** Opening DATASET CONTENT block **
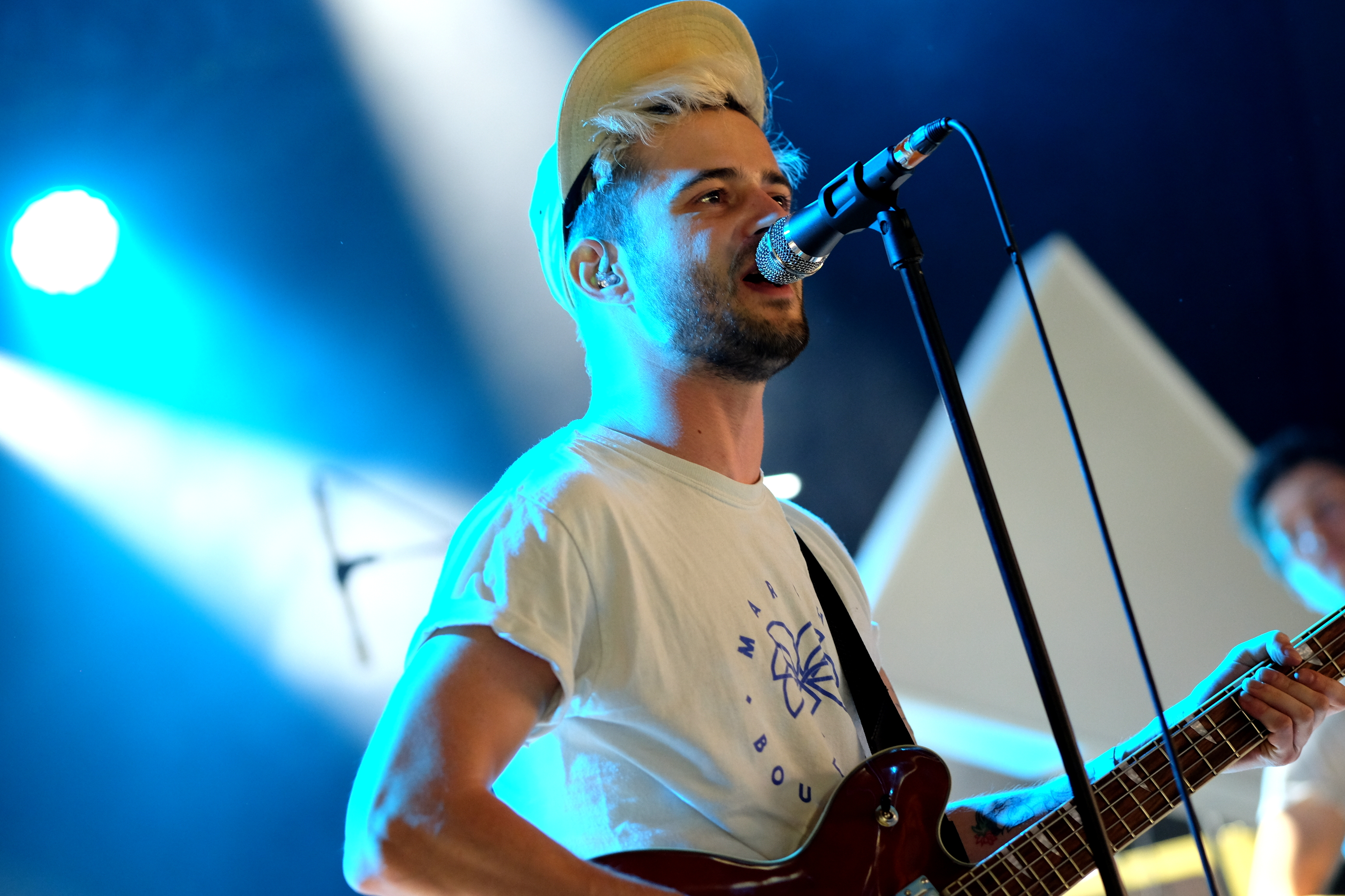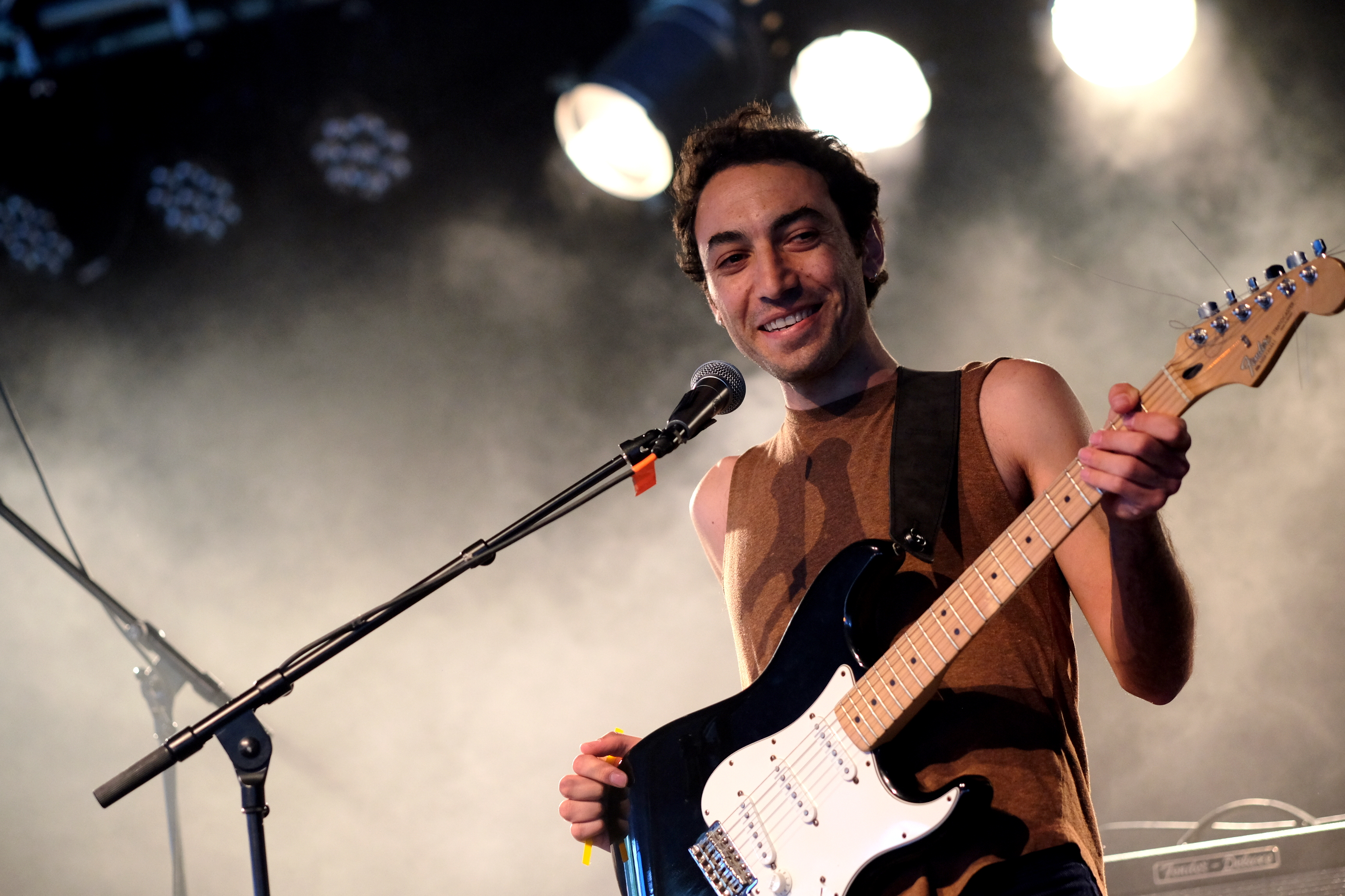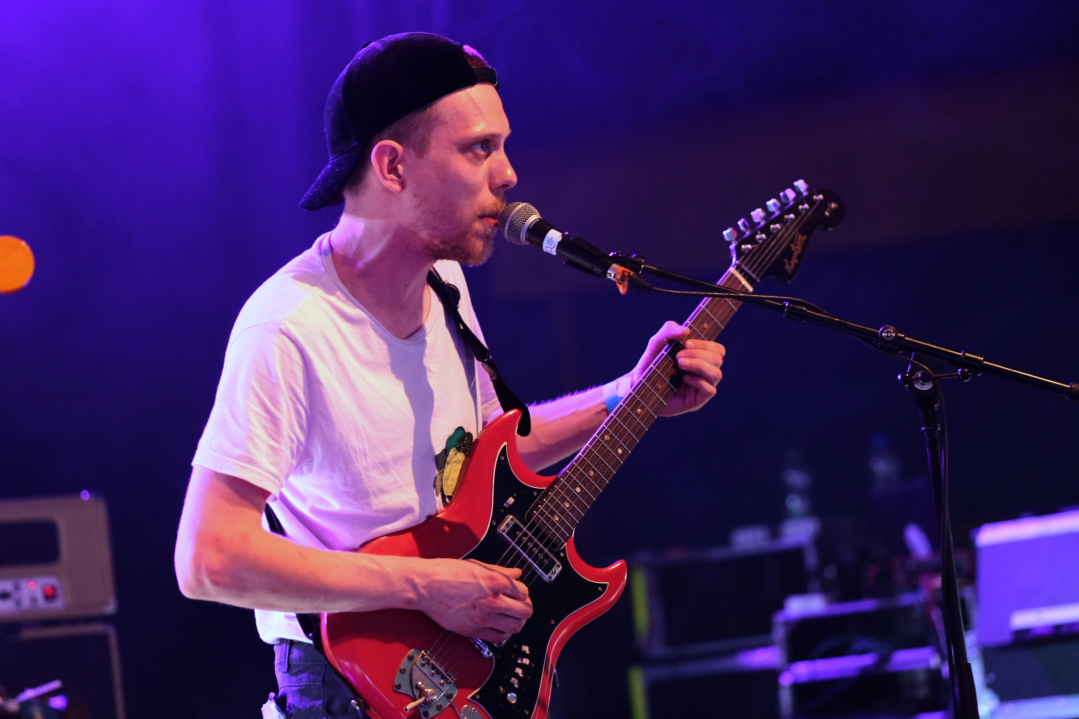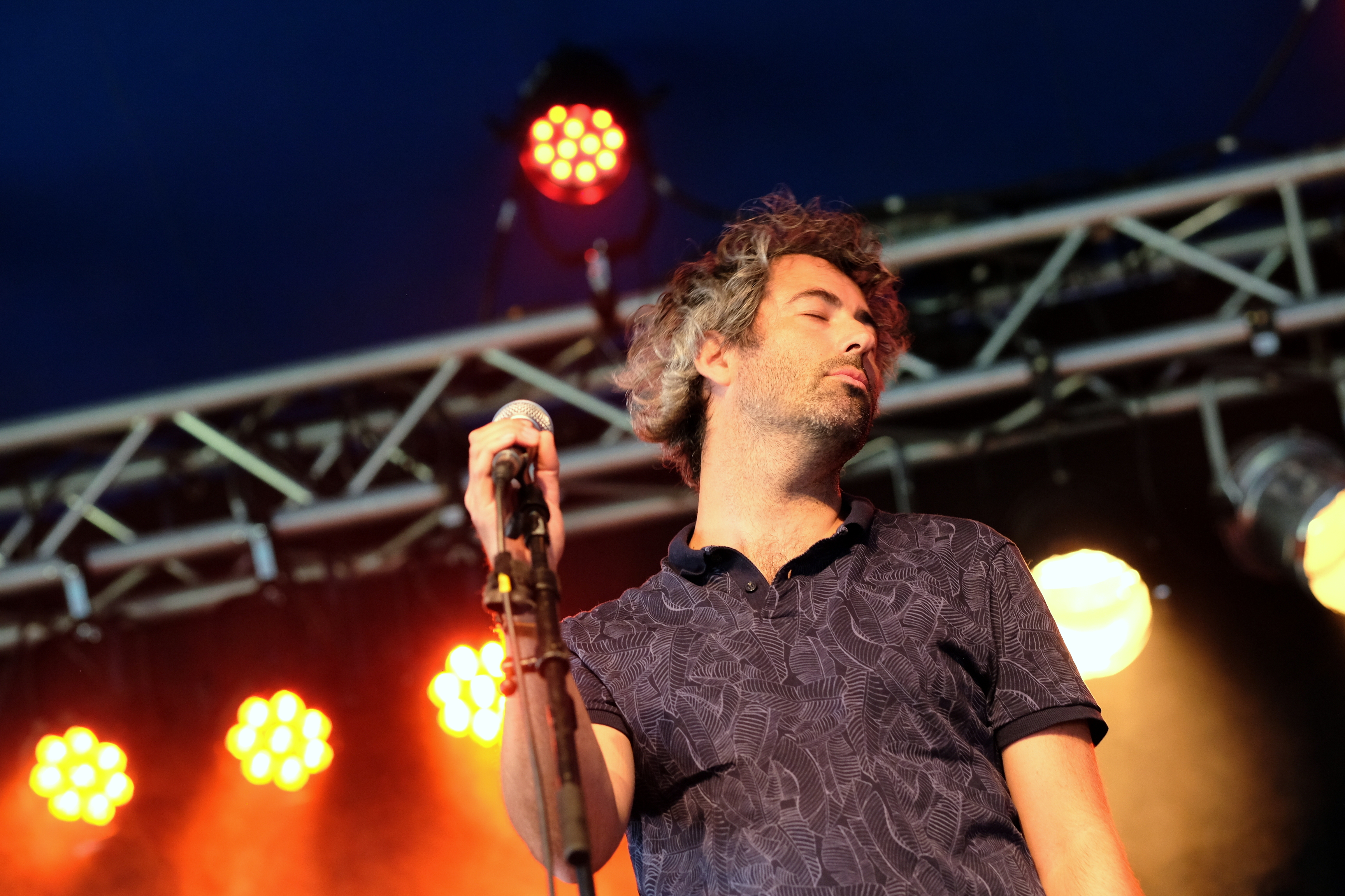 Amoure et Amor Blitz ont choisi la solution, peut-être la plus “facile”, de se partager le set en deux fois 30 minutes, avec la réunion des deux groupes sur les derniers morceaux de chacun. Une façon pour nous de profiter de la musique des deux groupes de manière bien identifiable. Malheureusement, aujourd’hui, je les trouve un peu en dessous. Est-ce l’impression d’avoir fait le tour au bout de 3 chansons qui me fait m’éloigner d’Amoure ? Est-ce la grande scène qui écrase un peu l’énergie d’Amor Blitz ? Peut-être est-ce simplement l’envie d’aller profiter du soleil hors du chapiteau… La battle précédente de Joy & Glory et Petseleh avait une autre couleur. Plutôt que de séparer le set en deux, les deux formations, qui se connaissent très bien, avaient préparé un mélange de titres des deux répertoires, avec tous les musiciens réunis pour les jouer. À les voir mêler leurs voix et leurs guitares, on aurait presque pu croire qu’un seul et même groupe jouait en face de nous. Une belle réussite.
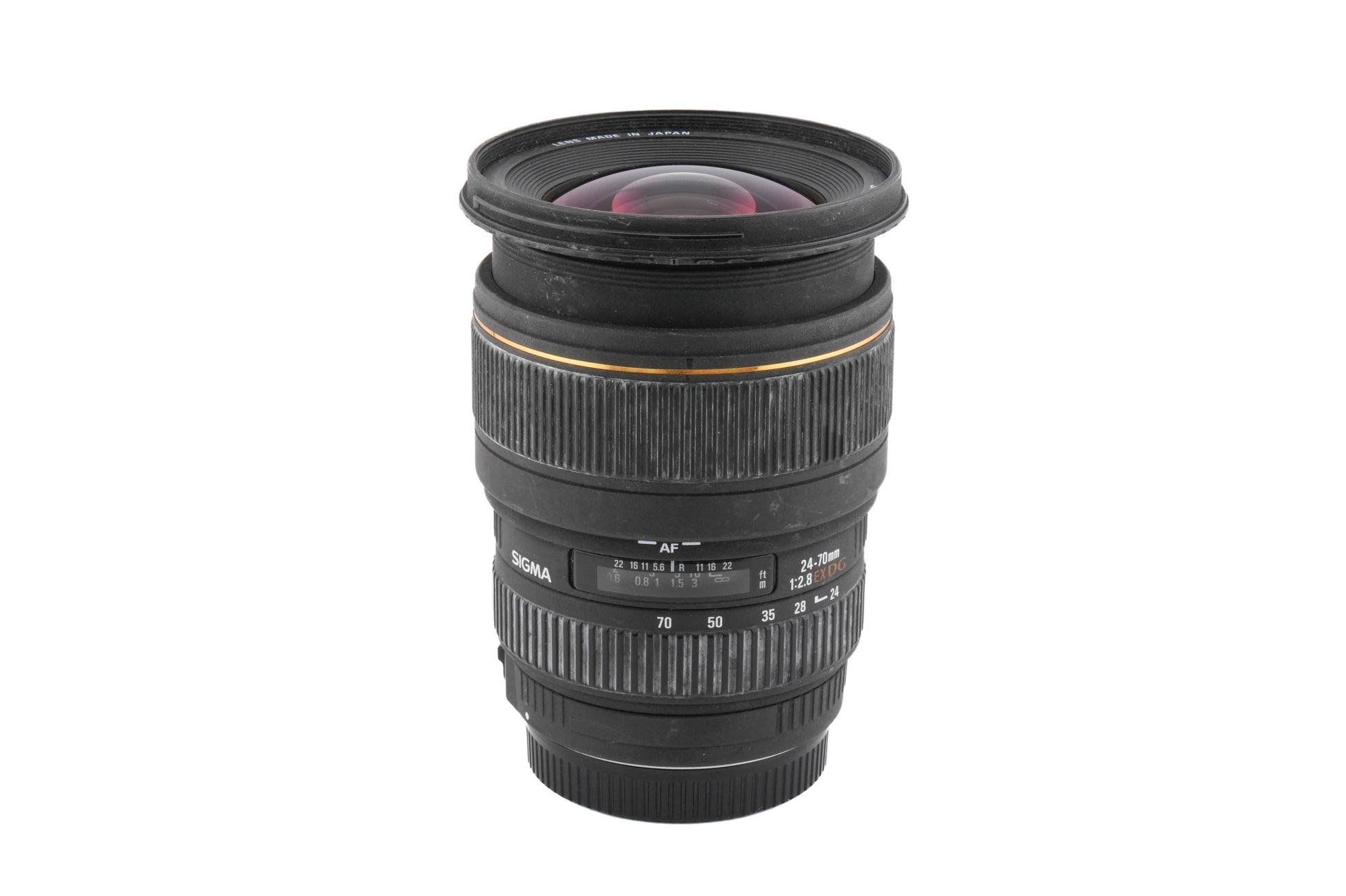 - Lens: Sigma 24-70mm f2.8 EX DG (14 elements, 12 groups)
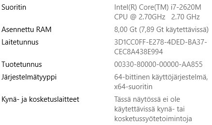 Kai sinne levylle muutakin pitää mahtua, kuin se Win 10....
** Closing DATASET CONTENT block **
■ **WHAT IS EXPECTED**
Print the whole listing again exactly, please. No pictures.

■ **OUTPUT FOR THIS EXERCISE**
 Amoure et Amor Blitz ont choisi la solution, peut-être la plus “facile”, de se partager le set en deux fois 30 minutes, avec la réunion des deux groupes sur les derniers morceaux de chacun. Une façon pour nous de profiter de la musique des deux groupes de manière bien identifiable. Malheureusement, aujourd’hui, je les trouve un peu en dessous. Est-ce l’impression d’avoir fait le tour au bout de 3 chansons qui me fait m’éloigner d’Amoure ? Est-ce la grande scène qui écrase un peu l’énergie d’Amor Blitz ? Peut-être est-ce simplement l’envie d’aller profiter du soleil hors du chapiteau… La battle précédente de Joy & Glory et Petseleh avait une autre couleur. Plutôt que de séparer le set en deux, les deux formations, qui se connaissent très bien, avaient préparé un mélange de titres des deux répertoires, avec tous les musiciens réunis pour les jouer. À les voir mêler leurs voix et leurs guitares, on aurait presque pu croire qu’un seul et même groupe jouait en face de nous. Une belle réussite.
 - Lens: Sigma 24-70mm f2.8 EX DG (14 elements, 12 groups)
 Kai sinne levylle muutakin pitää mahtua, kuin se Win 10....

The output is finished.